BY PATRICK WATSON
At the Strategic Investment Conference 2018, Gabriela Santos, Executive Director at J.P. Morgan Asset Management, compared the potential of the US and international markets in terms of equity returns.
J.P. Morgan projects 5.5% annualized for US equities over the next 10 years. Meanwhile, Japan is projected to return 6% and emerging markets (EM) around 8%. But that’s assuming today as a starting point.
Santos stressed that the entry point and currency can make a huge difference on returns, so they can vary a lot. The chart below that she shared during her speech illustrates the currency impact on international market returns.
Source: Mauldin Economics
For instance, a weak dollar may help US investors who hold foreign stocks. Likewise, the depreciation of another market’s currency could hurt US investors. But the aggregate effect can vary.

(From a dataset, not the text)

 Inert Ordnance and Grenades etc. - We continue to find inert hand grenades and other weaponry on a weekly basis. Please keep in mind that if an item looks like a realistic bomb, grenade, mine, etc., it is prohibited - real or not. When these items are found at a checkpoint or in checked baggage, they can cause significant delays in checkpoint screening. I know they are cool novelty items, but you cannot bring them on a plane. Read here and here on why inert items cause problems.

Emerging Markets Show Promise
Gabriela Santos then turned to emerging markets. She showed a chart of what she calls her EM “growth alpha,” the difference between the outlook for developed markets (DM) growth and EM growth.

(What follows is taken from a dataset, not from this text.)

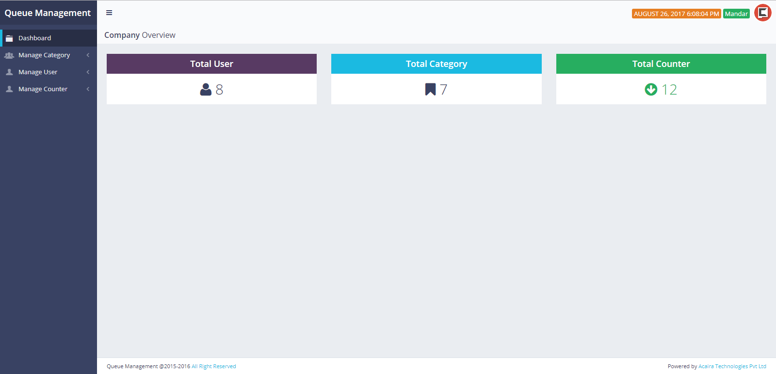 QMS has the admin management where the admin has the rights to create user, category and counter to manage the flow of the QMS.

When it’s shrinking, it’s a terrible time to invest in EMs. When it’s growing, it’s a good time to buy EMs.
Santos noted that we need stability in several areas such as currencies and commodities to reach the full EM outperformance.
Most people think of EMs as being markets and economies in Asia. And that is partially true. But there are regions beyond Asia that will outperform—in particular, Latin America.
Santos argued that Latin America today has the best starting point in terms of growth. She thinks that this year, the region will finally return to its earnings potential.
In 2016, the seed of future growth was planted and now is time to harvest the returns.